Among the metabolic changes associated with HIV and antiretroviral therapy (ART), the reduction in bone quality (osteopenia or osteoporosis) is particularly significant. Such changes can compromise bone microarchitecture, increase bone fragility, and elevate fracture risk [3], with long-term effects that contribute to higher morbidity in individuals with HIV [4]. It is now recognized that multiple factors, including smoking, low body mass index, and alcohol abuse, contribute to the lower bone mineral density observed in individuals with HIV [5].

The monitoring and screening of bone health with HIV are essential, not only due to the high prevalence of osteopenia and osteoporosis in this population but also because of the additional complications that can result from fractures and other bone injuries. Early identification of these changes can enable preventive and more effective interventions, ultimately improving overall health outcomes for these individuals [4,6].

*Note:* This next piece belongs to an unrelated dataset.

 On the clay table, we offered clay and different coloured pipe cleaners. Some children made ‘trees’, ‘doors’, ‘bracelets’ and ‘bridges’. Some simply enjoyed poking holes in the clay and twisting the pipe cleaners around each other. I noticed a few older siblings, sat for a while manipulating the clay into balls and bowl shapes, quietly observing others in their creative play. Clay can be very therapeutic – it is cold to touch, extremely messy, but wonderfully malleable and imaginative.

Dual-Energy X-ray Absorptiometry (DEXA) is the gold standard for diagnosing osteoporosis or osteopenia. As a systemic bone disease, osteoporosis also affects the bone density and structure of the jaws [7]. Consequently, some authors suggest using panoramic radiographs as an auxiliary diagnostic tool for osteoporosis by analyzing jawbone patterns and their radiomorphometric indices [8,9].

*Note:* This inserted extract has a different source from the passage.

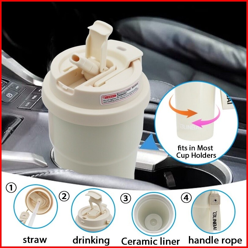 Linbai Flask 17oz Bow Tie Print Ceramic Liner Coffee Mug With Straw Vacuum Insulated Tumbler Hot And Cold Cup

Among the radiomorphometric indices frequently cited as indicators of decreased bone density is the Mandibular Cortical Index (MCI), derived from the Klemetti method, which assesses the resorption level of the mandibular cortical bone [10]. Additionally, the measurement of mandibular cortical thickness (Mental Index) and the visualization of specific anatomical structures in the facial bones also serve as indicators.

Fractal analysis has become widely used in image studies. Unlike conventional geometry, this mathematical method evaluates shapes that exhibit self-similarity across different scales and is applied to analyze irregular and complex structures [11]. In dentistry, fractal analysis has been employed to measure bone mineral density and to evaluate bone patterns in the jaws, showing potential as a non-invasive and quantitative method for predicting bone changes, such as osteopenia and osteoporosis [12].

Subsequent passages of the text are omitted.